To design organizations to meet complexity, we first need to consider how we are primed to resist complexity in our organizations.

1. Our education system is designed for linear, progressive modes of learning, not discovery and non-linearity. We sit kids (and adults) in rows, we talk at them, we present material front-to-back. In short, we don’t design education for learning, but for information transmission. Complexity is all about learning. Every situation has a degree of novelty to it that presents new challenges and what happens today might not be the same thing that happens tomorrow even if much is similar. Teaching to discover, adapt, play and risk is something our system doesn’t do well. How can we expect complexity and systems thinking to thrive when the muscles used aren’t developed?

2. It’s more convenient to think in dichotomies than spectrums. As I’ve written previously, spectral thinking is something critical to many of the issues we face in complex systems. Good/bad, strong/weak, X/Y lose their meaning in complex environments where the dynamic context makes these assessments not useful. Utility — the ability to take something and use it for a beneficial purpose — is the quality marker for learning. (For example, burning your hand on a hot stove is a useful learning outcome for working in a kitchen, not good or bad overall).

Of all the dichotomies that work in complex systems, only Ying/Yang comes close. But its a more difficult concept to grasp that maybe things aren’t all one way or the other, that there is use in even something that isn’t well constructed. This problem (and the ones that follow) are tied to the first one: education and learning systems are not set up for this. We are primed for either/or thinking.

Dichotomous thinking also allows us to generate targets and success metrics even if these might actually end up hurting us in the end.

3. Our decision-making tools are ill-equipped to handle ambiguity. Healthcare is a great example of how badly we are at complexity thinking. Consider the systematic review, often viewed as the gold standard for evidence for adoption into healthcare organizations. If something (procedure, task, idea) has some support from a systematic review, then one would imagine that it would be a likely candidate for adoption into wider practice within the system. Right? No.

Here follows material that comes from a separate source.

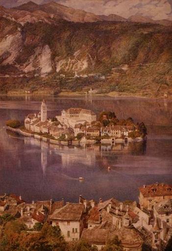 Keywords: Isola San Giulio, Lake Orta.jpg en Isola San Giulio Lake Orta ~ 1880 http //www sightswithin com/Edward Poynter/Page_2/ E Poynter PD-old Uploaded with UploadWizard Edward Poynter

Surprisingly, even systematic reviews of systematic review use show a mixed bag in the eventual adoption of evidence into practice. Systematic reviews are designed to reduce ambiguity, but really illustrate how much there is within the wider system. A systematic review looks only at the evidence created (and published), it doesn’t include all those questions that were never asked, never funded for inquiry, or couldn’t be structured into a study that meets the strict criteria for inclusion in a good review.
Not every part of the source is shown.